It’s wonderful to see the diversity of good folk involved in the profession of writing, editing, publishing and scriptwriting. I am impressed by the dedication and passion of individuals who publish, teach, speak, blog, run workshops, assess, praise and damn – and their enthusiasm for writing and writers, both established and emerging.

What strikes me is the fine line between amateur and professional when it comes to the industry of writing and how much that razor’s edge is defined by the estimation and judgement of the mainstream publishing industry.

I was lucky enough to have a ticket to ‘In conversation with Nick Cave’ at the Arts Centre in April, 2008. Nick talked about the business of writing as his work – how these days he goes into his office and works at the creative art of writing. I thought I understood what he was getting at, attempting to demystify the process and illumine the hard-work aspect, but remember thinking – that’s all very well once your work has been published or received acknowledgement as valid and worthy. Until such time, going into your office and spending hours of unpublished, unacknowledged work is a very different proposition and, in my experience, seen in a very different light, that is: not as work at all. Nick also attempted to debunk the idea of the Muse and at the same time declared his own Muse to be a real bitch, so I guess it’s not all clear for him either.
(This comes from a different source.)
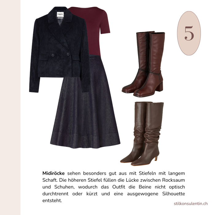Hier ist ein Styling Guide, wie Sie Stiefel passend zu verschiedenen Hosen- und Rockstilen kombinieren.

It is apparently necessary to have enormous passion and dedication if you want to succeed as a writer. A thick skin is required to believe in the integrity of your project and to sell it to those who can help you realise it in a published form, but at the same time it must remain thin enough to accept constructive criticism. A thick skin is required to hold firm to an artistic vision in the face of resistance and mainstream conformity, and yet the skin must remain pliable and permeable to the objective eye of valued colleagues and editors. The work itself must be held as both sacred and transformable.

On top of the artistic and aesthetic demands of good writing is the economic rationalisation of the arts and the peccadilloes of the reading public – and those in the biz would, perhaps, like us to think the two are the same thing. As publishing companies have become multi-national giants, their power has grown and flexibility diminished. A ‘mainstream’ of non-literary writing and a general culture of instant gratification has meant that publishing companies are no longer willing to work too hard with an author to bring a work to ‘publishable standard’ or take a chance on ‘non-commercial’ projects. The author is now expected to be an excellent typist, speller, grammarian and editor with an eye for layout and design, as well as a great storyteller. These things were not always synonymous.

It is possible, hearing the many demands and expectations attached to publishing a work, to be dismayed and thereby disheartened about the idea of ever ‘getting there’ without having to compromise the artistic integrity of writing for art’s sake.

Tennessee Williams, whose work was handed over for public scrutiny and assessment in the most naked way – meeting the needs of the theatre company which has to perform the thing and the audience which must be seduced by it – wrote in his biography: ‘What is it like being a writer? I would say it is like being free. I know that some writers aren’t free, they are professionally employed, which is quite a different thing.’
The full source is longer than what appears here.